There’s this crazy thing going on
It’s over now, so I can talk about it. I began this post about 9 months ago and shortly after just went stealth.
In amongst my author friends, there’s a buzz, an undercurrent of dis-ease. It all comes from something another independent author did to promote her book series.
Now, I’m not independent. I have a publisher (hi, Salt of the Earth Press!) but most of the authors I know are doing everything that needs to be done on their books all by their lonesome. Some might hire a cover designer, and others may pay for editing, but overall, they make all the decisions and the buck stops with them.
One author who writes steamy romance – that’s conjecture, I have never read her work – decided to up the ante and game the system. She trademarked a word that appears in her titles.
Before we go any further, what I thought a trademark was for was to protect your business entity branding. Like, Coca-Cola with it’s distinctive and unique phrase and font, or Libby’s brand of foods. It makes sense that a business would want to do that. Another soft drink company putting Coca-Cola across their cans would be confusing and take away from the original company’s profits. Likewise, to trick someone by labeling a canned drink Cola-Cola, not the same name, but in the same distinctive font, would be deceptive as well. But, as you know, there are other colas and other instances of the word coca. Those are commonly used words. The Coca-Cola company can’t stop other businesses from using common words, nor should they.

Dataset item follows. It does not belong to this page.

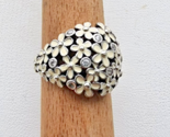 This authentic Pandora sterling silver ring features a charming daisy bouquet design with enamel details and sparkling CZ stones. The flower-shaped main stone in white/colorless adds a touch of beauty to the piece, while the sterling silver construction ensures durability and quality. With a ring size of 8.5 and a band width of 2mm, this dome-style ring is perfect for those who appreciate delicate and intricate jewelry pieces. The brand's signature makes it a sought-after item for collectors and jewelry enthusiasts alike.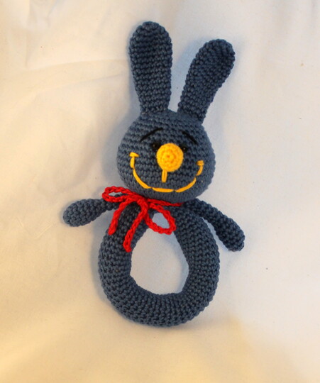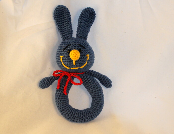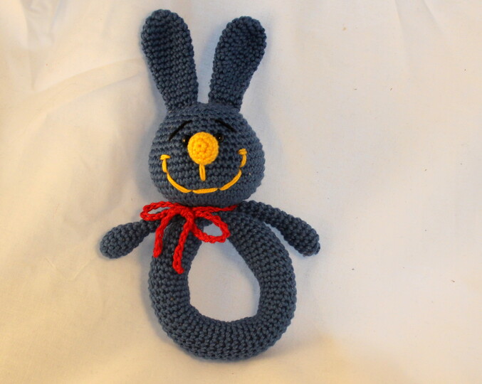 Die Hasenrassel hat eine kleine Rasselkugel eingebaut, und sowohl der Rind, als auch die Arme und die Ohren sind super geeignet für Babies kleine Händchen.

Here’s where the whole author trademarking a word thing gets weird. She trademarked the word “cocky.”
Her series name includes that word as part of a phrase, and each title includes that word along with other words. She contacted other authors whose books have that word in the titles to tell them to take their books down or retitle them. She contacted Amazon and demanded the books be removed from their catalog if the title or even the reviews included that word.
And authors went mad! Now, she’s not the only one. The publisher Entangled has trademarked a couple single words as have other authors.
But I can look down this road and see what this crazy trend means.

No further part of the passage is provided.